Commit: feat(auditlog): real ClusterClient-based site audit push client

Task 3: Consolidate the duplicated audit DTO mappers

What: Collapse the 4 near-duplicate AuditEventAuditEventDto mapping copies into one canonical mapper. The project-reference cycle (AuditLog → Communication, never the reverse) is resolved by hosting the canonical mapper in ScadaLink.Communication — it owns the generated AuditEventDto and references Commons for AuditEvent, and AuditLog already references Communication.

Files:

  • Create: src/ScadaLink.Communication/Grpc/AuditEventDtoMapper.cspublic static class with ToDto(AuditEvent) → AuditEventDto and FromDto(AuditEventDto) → AuditEvent (lift the canonical logic from AuditLog/Telemetry/AuditEventMapper.cs).
  • Modify: src/ScadaLink.Communication/Grpc/SiteStreamGrpcServer.cs — replace the inlined IngestAuditEvents loop (~lines 265295), AuditEventToDto (~490517) and MapAuditEventFromDto (~537561) with calls to AuditEventDtoMapper.
  • Delete: src/ScadaLink.AuditLog/Telemetry/AuditEventMapper.cs; update its callers in ScadaLink.AuditLog to use Communication's AuditEventDtoMapper.
  • Leave untouched: SqliteAuditWriter.MapRow (SQLite DataReaderAuditEvent, not a DTO mapper — different source type) and MapSiteCallFromDto (SiteCall, not audit). Note this in the commit body.
  • Test: move/merge tests/ScadaLink.AuditLog.Tests/Telemetry/AuditEventMapperTests.cs into tests/ScadaLink.Communication.Tests/Grpc/AuditEventDtoMapperTests.cs; keep round-trip coverage (FromDto(ToDto(x)) == x).

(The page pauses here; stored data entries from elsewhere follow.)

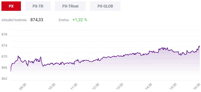 Pražská burza v úterý posílila nejvýrazněji od 11. srpna. Index PX stoupl o 1,32 procenta na 874,33 bodu. Dařilo se převážné většině hlavních titulů v čele s bankami.
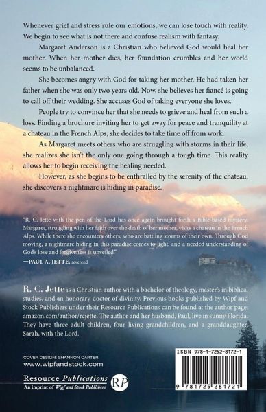 Whenever grief and stress rule our emotions, we can lose touch with reality. We begin to see what is not there and confuse realism with fantasy. Margaret Anderson is a Christian who believed God would heal her mother. When her mother dies, her foundation crumbles and her world seems to be unbalanced. She becomes angry with God for taking her mother. He had taken her father when she was only two years old. Now, she believes her fiance is going to call off their wedding. She accuses God of taking everyone she loves. People try to convince her that she needs to grieve and heal from such a loss. Finding a brochure inviting her to get away for peace and tranquility at a chateau in the French Alps, she decides to take time off from work. As Margaret meets others who are struggling with storms in their life, she realizes she isn't the only one going through a tough time. This reality allows her to begin receiving the healing needed. However, as she begins to be enthralled by the serenity of the chateau, she discovers a nightmare is hiding in paradise.
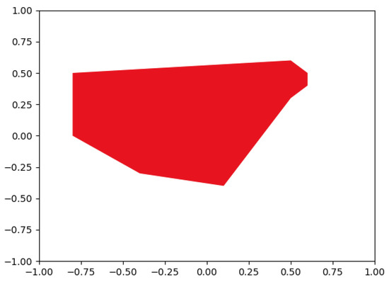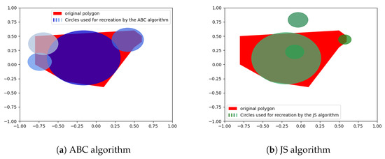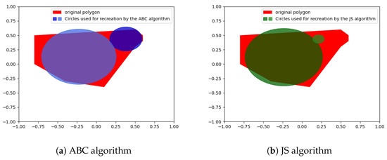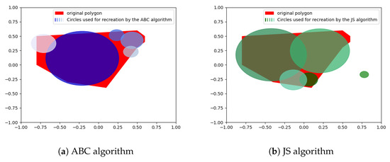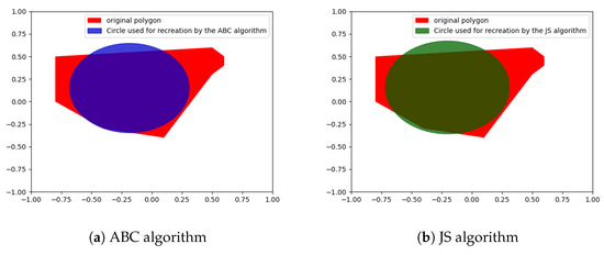In this example, two metaheuristic algorithms were compared, namely Artificial Bee Colony (ABC) and Jellyfish Search (JS). During the first stage of testing, the population and number of iterations of the ABC optimization algorithm were set to twenty. Iterations and population of the JS optimization algorithm were set differently for each number of circles, in a way that would ensure a similar time of evaluation that both algorithms would need to complete the task. The task was to reconstruct (or identify) a polygon (see Figure 5) using circles, ranging from one to five. The energy absorption value for the polygon was equal to one. Figure 6, Figure 7, Figure 8, Figure 9, Figure 10, Figure 11, Figure 12, Figure 13, Figure 14, Figure 15, Figure 16, Figure 17, Figure 18, Figure 19 and Figure 20 present the obtained results for Example 1. A detailed discussion of the results is provided in Section 5 (Discussion).
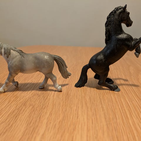 Rambon tallista tutut Schleich hahmot, Ratsastaja Elina ja Nikita hevonen. Erittäin hyvässä maalissa.

Approach: Pure refactor — no behaviour change. Verify field-by-field parity against all 3 inlined copies before deleting them (null handling, enum parsing, Int32Value/Timestamp wrapping).

Steps: create mapper + tests → run → swap call sites → delete old copies → dotnet build + dotnet test ScadaLink.slnx (all green, no behaviour drift) → commit.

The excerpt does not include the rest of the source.